Restructuring or corporate modifications
The second great alternative to bankruptcy >, which we address in this article, are the corporate changes that are included in the Law 3/2009, of April 3, on Structural Modifications of Companies (hereinafter, “LME”) in which different ways are developed to change the structural elements of a society in order to make it more economically efficient and achieve its continuity.
These measures are viable when companies have more than one line of business, for example a car dealership with a sales and an after-sales service, and one of those two activities is not profitable. In these cases, the LME makes it possible through the spin-off (which may be total or partial) to isolate the productive business from the deficit, allowing the company to continue operating. This is how the Law itself explains it in its article 69, which literally says:
“A total spin-off is understood as the extinction of a company, with the division of all its assets into two or more parts, each of which is transmitted en bloc by universal succession to a newly created company or is absorbed by an already existing company, receiving the partners a number of shares, participations or quotas of the beneficiary companies proportional to their respective participation in the company that is split off.”
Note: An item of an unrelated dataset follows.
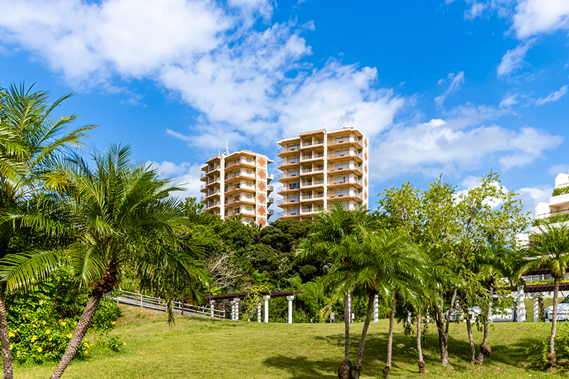 オーキッドホテル棟 延床面積:5,679.25㎡、構造:RC造、地上4階 ツインタワー棟 延床面積:2,899.29㎡、構造:RC造、地上8階

Another frequent situation is the excessive dimension of structural expenses, specifically when it comes to companies from the same group. In these circumstances, the merger of companies can become a useful tool. The merger, also regulated in the LME, can allow a considerable reduction in rental, personnel or production costs, among others. This is how the LME defines the merger in its article 22, with the following literal wording:
“By virtue of the merger, two or more registered commercial companies are integrated into a single company by means of the block transfer of their assets and the attribution to the partners of the companies that are extinguished of shares, participations or shares of the resulting company, which can be newly created or one of the merging companies.”
On other occasions it is the corporate structure itself that becomes the biggest obstacle for the company to get out of a situation of insolvency or lack of liquidity. Let us take as an example the limited company that is prevented from increasing the share capital due to the restrictions imposed by article 107 of the Capital Companies Law, on the inter vivos transfer of shares. Let’s see what this article says:
“(…) the voluntary transfer of shares by inter vivos acts between partners will be free, as well as that carried out in favor of the spouse, ascendant or descendant of the partner or in favor of companies belonging to the same group as the transferor . In all other cases, the transmission is subject to the rules and limitations established by the statutes and, failing that, those established in this law”.
Depending on the case, it may even be advisable to transform the limited company into a public limited company, or vice versa, as allowed by the LME.
Multiple alternatives to bankruptcy
From our experience, refinancing or restructuring are useful alternatives when it comes to alleviating an insolvency situation and circumstances allow it, since they involve less interference in the life of the company than bankruptcy.
Without prejudice to the solution that is ultimately considered optimal, it is worth emphasizing the importance of adopting measures to avoid compromising the liability of administrators for company debts. Allowing the company to worsen its economic situation, and specifically when the net worth is reduced to half of the share capital, could lead to the administrators ending up responding with their assets to creditors for the company’s debts.